Storms and other severe weather events can cause both public health and economic problems for communities and municipalities. Many severe events can result in fatalities, injuries, and property damage, and preventing such outcomes to the extent possible is a key concern.
This project involves exploring the U.S. National Oceanic and Atmospheric Administration’s (NOAA) storm database. This database tracks characteristics of major storms and weather events in the United States, including when and where they occur, as well as estimates of any fatalities, injuries, and property damage.
It was found that tornadoes have the biggest impact upon population health. Floods have the greatest total economic impact.
The data were loaded into R using the read.csv command.
myData=read.csv("StormData.csv.bz2", header = TRUE, sep = ",", quote = "\"")
As some of the data for variables “CROPDMGEXP” and “PROPDMGEXP” are incorrectly formatted, in order to automatically exclude values which are not in a correct format, I create new variables “CROPmultiplier” and “PROPmultiplier” set to the value of 0. Therefore, only valid alphabetical multipliers that I specifically identify will be have any impact on the final total.
myData$CROPmultiplier=0
myData$CROPmultiplier[myData$CROPDMGEXP=="m"]=1000000
myData$CROPmultiplier[myData$CROPDMGEXP=="M"]=1000000
myData$CROPmultiplier[myData$CROPDMGEXP=="k"]=1000
myData$CROPmultiplier[myData$CROPDMGEXP=="K"]=1000
myData$CROPmultiplier[myData$CROPDMGEXP=="B"]=1000000000
myData$PROPmultiplier=0
myData$PROPmultiplier[myData$PROPDMGEXP=="m"]=1000000
myData$PROPmultiplier[myData$PROPDMGEXP=="M"]=1000000
myData$PROPmultiplier[myData$PROPDMGEXP=="k"]=1000
myData$PROPmultiplier[myData$PROPDMGEXP=="K"]=1000
myData$PROPmultiplier[myData$PROPDMGEXP=="B"]=1000000000
myData$PROPmultiplier[myData$PROPDMGEXP=="H"]=1000
myData$PROPmultiplier[myData$PROPDMGEXP=="h"]=1000000000
The total fatalities and injuries were calculated, and the type of event with the highest number for each was identified.
sumFatalities <- aggregate(FATALITIES ~ EVTYPE, data = myData, FUN = sum)
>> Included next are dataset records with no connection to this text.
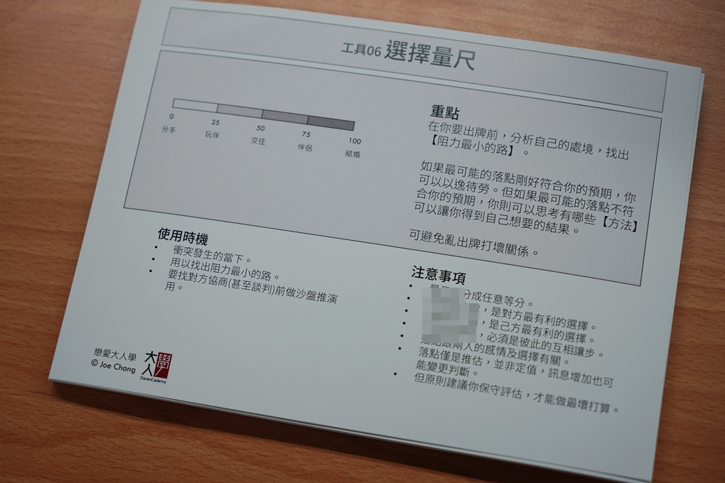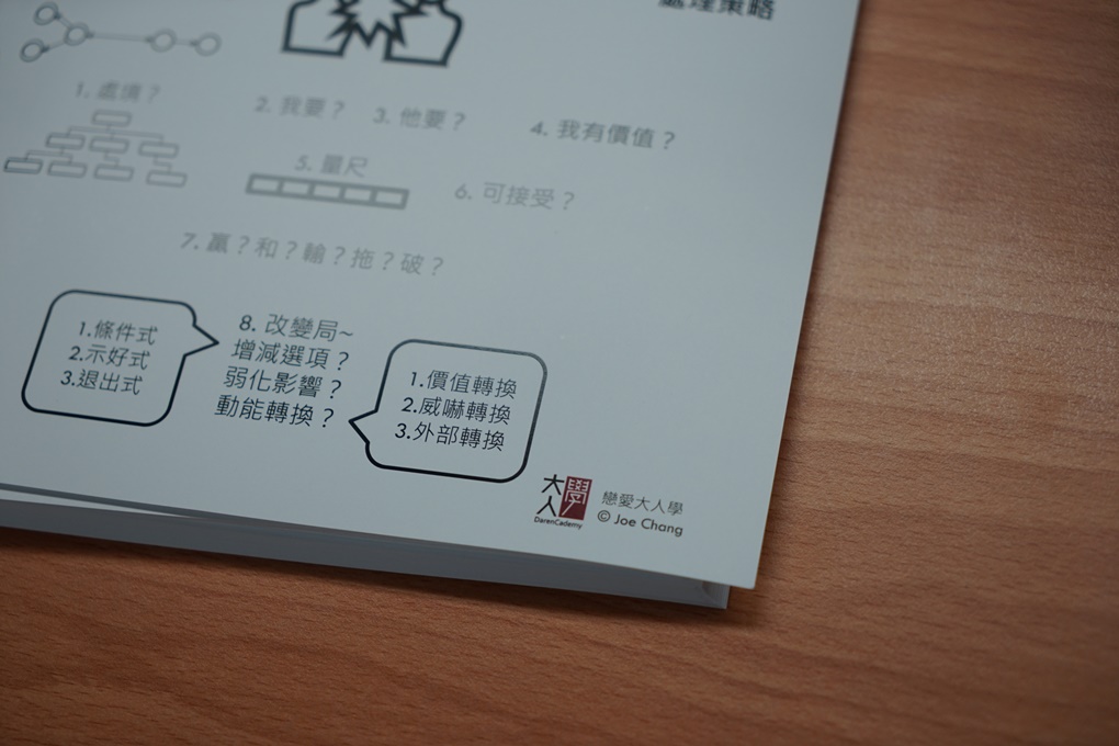 這堂課與其說是『戀愛大人學』,我覺得更像是在教導『做為一個大人』的道理,課程內容可以充分的感受到Joe融合了多本經典著作的核心觀念,並且舉出生動的案例讓我們容易理解,這些道理在職場與一般人際關係上也同樣受用,在兩天的課程中接收了這麼多精華的思維,反而讓我常常在上課中因為聯想到其他相關聯的經歷而想到出神。其中最讓我印象深刻的是局中有局的概念吧!從前我會把時間軸上的每一個局獨立出來思考,好比火車走過一站又一站一樣,個別處理每一次碰到的局,而接下來我會拉高自己的格局,看清整個局勢,讓我更有依據決定何時該進?何時該退?一定要贏或是輸也無妨?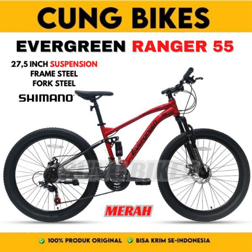Sepeda Gunung MTB 27.5 Inch Evergreen Ranger R 55 Full Suspension 3 x 7 speed SHIMANO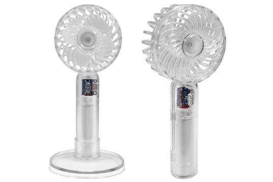 特徴:透明なボディが涼しさを引き立てる、クリアハンディファン登場!ハンディ&スタンドの2WAY仕様、弱風から強風まで3段階で風量調節が可能。手持ちでも使えるから使用する場所やシーンの幅が広がって利便性抜群!

sumInjuries <- aggregate(INJURIES ~ EVTYPE, data = myData, FUN = sum)
head(sort(sumInjuries$INJURIES,decreasing=TRUE))
## [1] 91346 6957 6789 6525 5230 2100
sumInjuries[sumInjuries$INJURIES==91346,]
## EVTYPE INJURIES
## 834 TORNADO 91346
head(sort(sumFatalities$FATALITIES,decreasing=TRUE))
## [1] 5633 1903 978 937 816 504
sumFatalities[sumFatalities$FATALITIES==5633,]
## EVTYPE FATALITIES
## 834 TORNADO 5633
In terms of both fatalities and injuries, tornados are the most harmful to population health.
myData$DAMAGETOT=(myData$PROPmultiplier*myData$PROPDMG)+(myData$CROPDMG*myData$CROPmultiplier)
To examine which events have the greatest economic consequence, I create a plot including the new ‘DAMAGETOT’ variable. As there were many different event types, I only included the 10 associated with the highest damage totals. As shown on the plot, floods results in the highest total damage.
sumDamage <- aggregate(DAMAGETOT ~ EVTYPE, data = myData, FUN = sum)
head(sort(sumDamage$DAMAGETOT,decreasing=TRUE))
## [1] 150319678250 71913712800 57352113590 43323541000 18758226170
## [6] 17562128610
sumDamage[sumDamage$DAMAGETOT==150319678250,]
## EVTYPE DAMAGETOT
## 170 FLOOD 150319678250
damage2=sumDamage[order(sumDamage$DAMAGETOT, decreasing = TRUE),]
damage2=damage2[1:10,]
library(ggplot2)
qplot(EVTYPE, data = damage2, weight = DAMAGETOT, geom = "bar", binwidth = 1) +
theme(axis.text.x = element_text(angle = 45, hjust = 1)) +
scale_y_continuous("Crop Damage (USD)") +
xlab("Weather Type") +
ggtitle("Figure 1: Total Damage by Severe Weather Events") +
geom_bar(fill="#FF9999", colour="black")